• _EXERCISE GOAL_:
Each line, starting at the one with "Usage: Immunohistochemistry: This" and running to the end of the data below, is to be set down again exactly, both ends included; leave pictures out.

• _SOURCE DATA_:
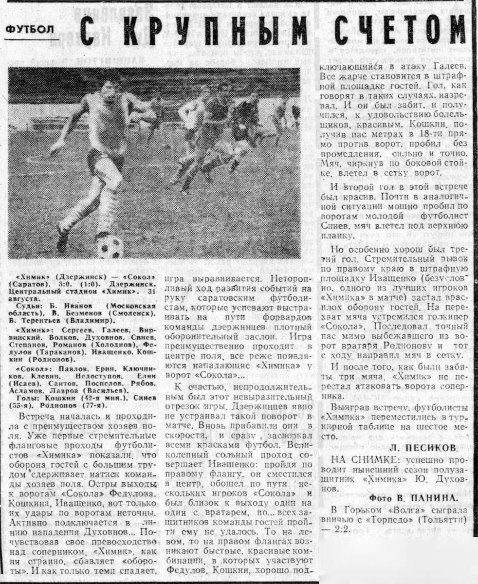 «Химик» Дзержинск - «Сокол» Саратов - 3:0
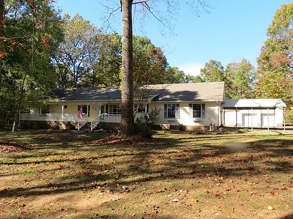 COUNTRY LIVING ! A. LONG DRIVEWAY THRU THE WOODS TAKES YOU TO THIS RANCH HOME WITH HUGE COVERED FRONT PORCH ON 3.7 ACRES OF BEAUTIFUL LAND. LARGE G.R. W/ WOOD FLOOR, COMPUTER NICHE, VAULTED CEILING & VIEW OF THE WOODED BACK. EAT-IN KITCHEN W BAY WINDOW. INCREDIBLE MASTER BATH RENOVATION W/ HUGE W-I CLOSET. THE GARAGE WAS ENCLOSED & HAS A WINDOW UNIT FOR HEAT/AIR, MAKES A PERFECT HOBBY/SEWING ROOM W/ LOTS OF OUTLETS & NICE VIEW FROM THE WALL OF WINDOWS. COVERED BACK PORCH. DETACHED 3 BAY GARAGE PLUS A LARGE STORAGE BUILDING WITH A GARAGE DOOR AND ATTACHED COVERED VEHICLE PORT FOR BOAT OR CAMPER OR TRAILER OR TRUCK. ABSOLUTELY BEAUTIFUL LAND. BRAND NEW PROFESSIONAL PAINT JOB INSIDE AND BRAND NEW NEUTRAL CARPET....
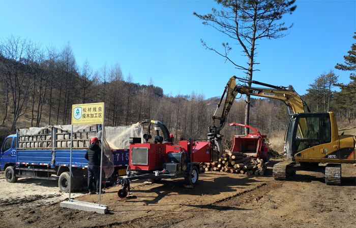 綠友集團(tuán)總部森防裝備事業(yè)部、售后服務(wù)部、撫順綠友園林機(jī)械有限公司協(xié)同在撫順市大伙房實(shí)驗(yàn)林場現(xiàn)場給參會人員講解、演示了GREENMAN CM15R病疫木粉碎機(jī)、CH25C病疫木粉碎機(jī)在山場就地粉碎處理感染松材線蟲病疫木方案,與會嘉賓紛紛記錄、拍照,索取資料,積極響應(yīng)國家關(guān)于松材線蟲病疫木山場就地粉碎處理的相關(guān)政策。
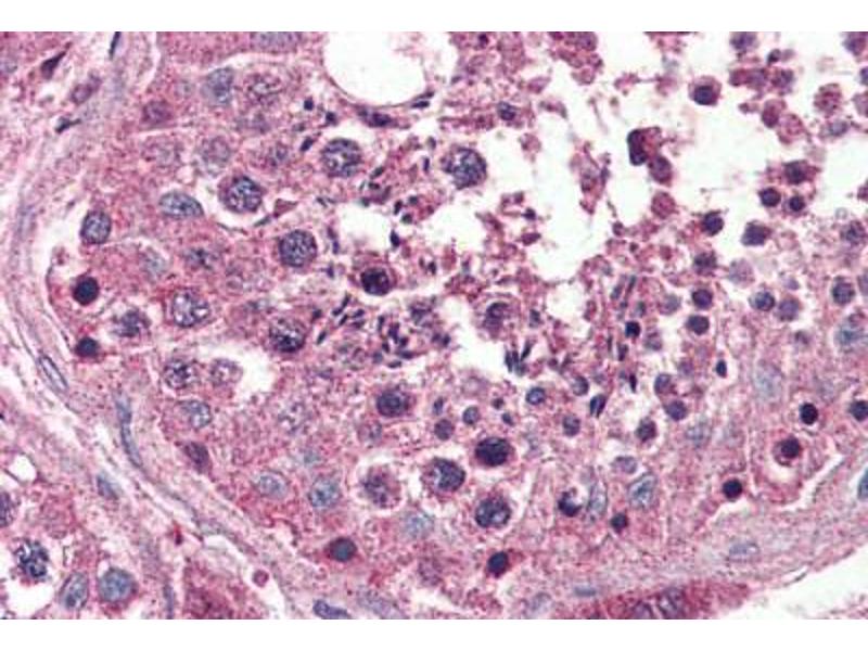 Usage: Immunohistochemistry: This antibody was validated for use in immunohistochemistry on a panel of 21 formalin-fixed, paraffin-embedded (FFPE) human tissues after proteinase K antigen retrieval. After incubation with the primary antibody, slides were incubated with biotinylated secondary antibody, followed by alkaline phosphatase-streptavidin and chromogen. The stained slides were evaluated by a pathologist to confirm staining specificity. The optimal working concentration for this antibody was determined to be 5 μg/mL. -
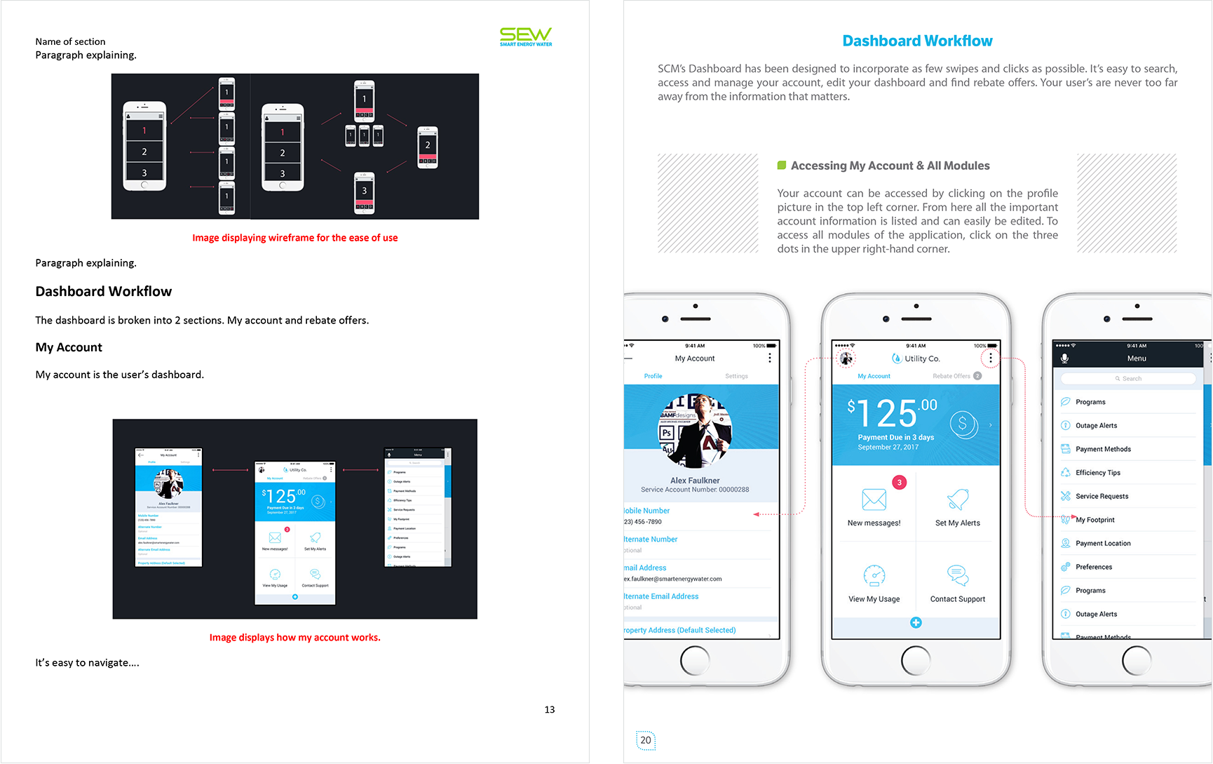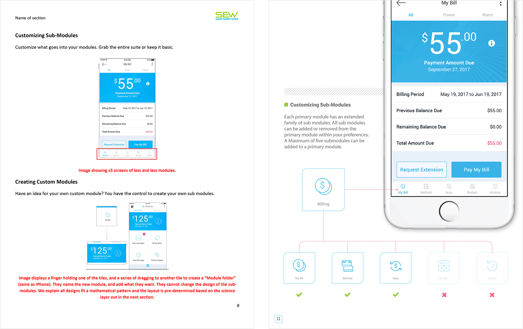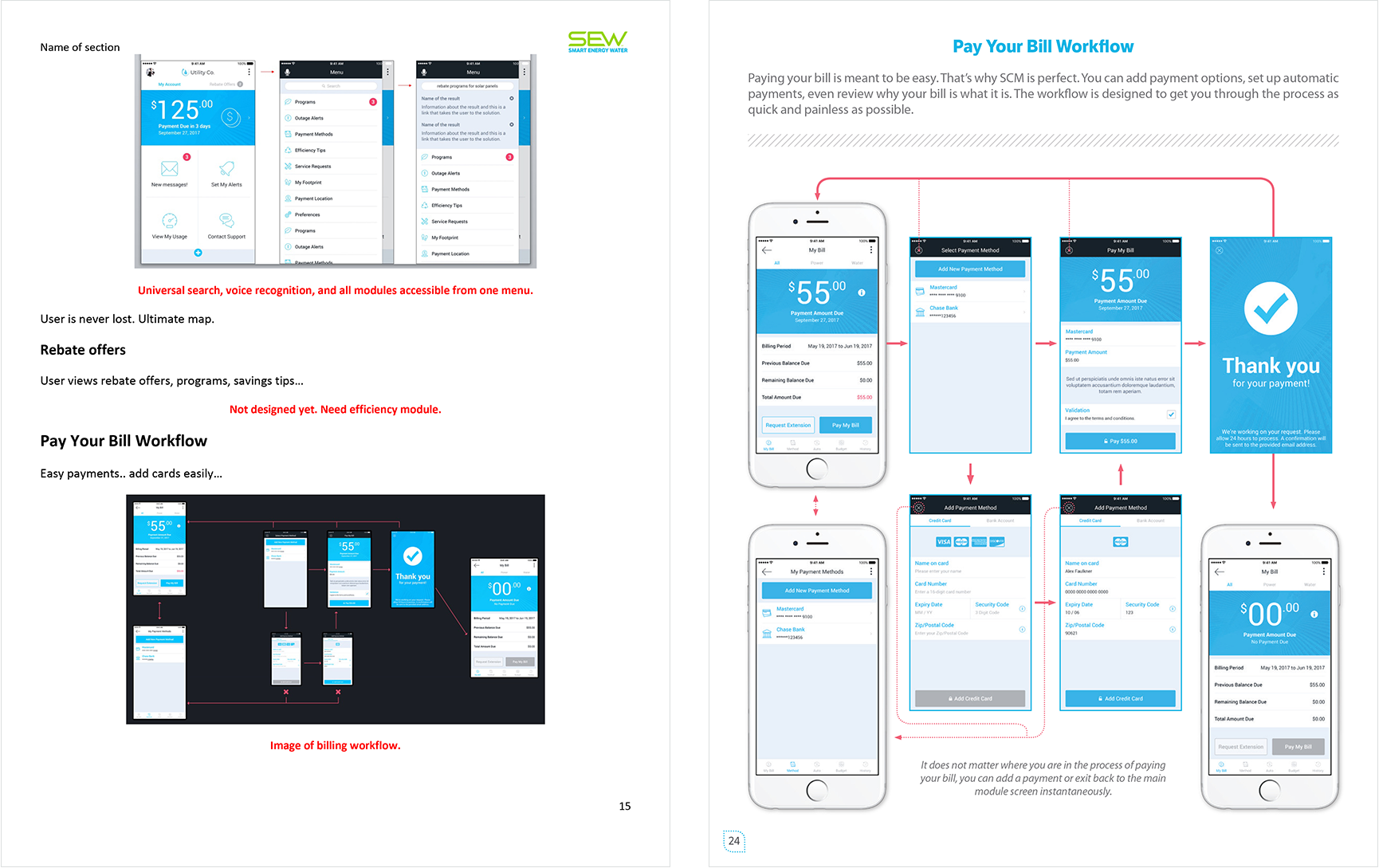 While I was designing the UI for this app, I was also thinking about how we could market it to potential clients. I created a document with the content that was requiered, then worked with my senior designer to create the layout. Below are the planning and design images created. Please contact me for further details on the Customer Payment App.

• _SOLVED EXERCISE_:
 Usage: Immunohistochemistry: This antibody was validated for use in immunohistochemistry on a panel of 21 formalin-fixed, paraffin-embedded (FFPE) human tissues after proteinase K antigen retrieval. After incubation with the primary antibody, slides were incubated with biotinylated secondary antibody, followed by alkaline phosphatase-streptavidin and chromogen. The stained slides were evaluated by a pathologist to confirm staining specificity. The optimal working concentration for this antibody was determined to be 5 μg/mL. -
 While I was designing the UI for this app, I was also thinking about how we could market it to potential clients. I created a document with the content that was requiered, then worked with my senior designer to create the layout. Below are the planning and design images created. Please contact me for further details on the Customer Payment App.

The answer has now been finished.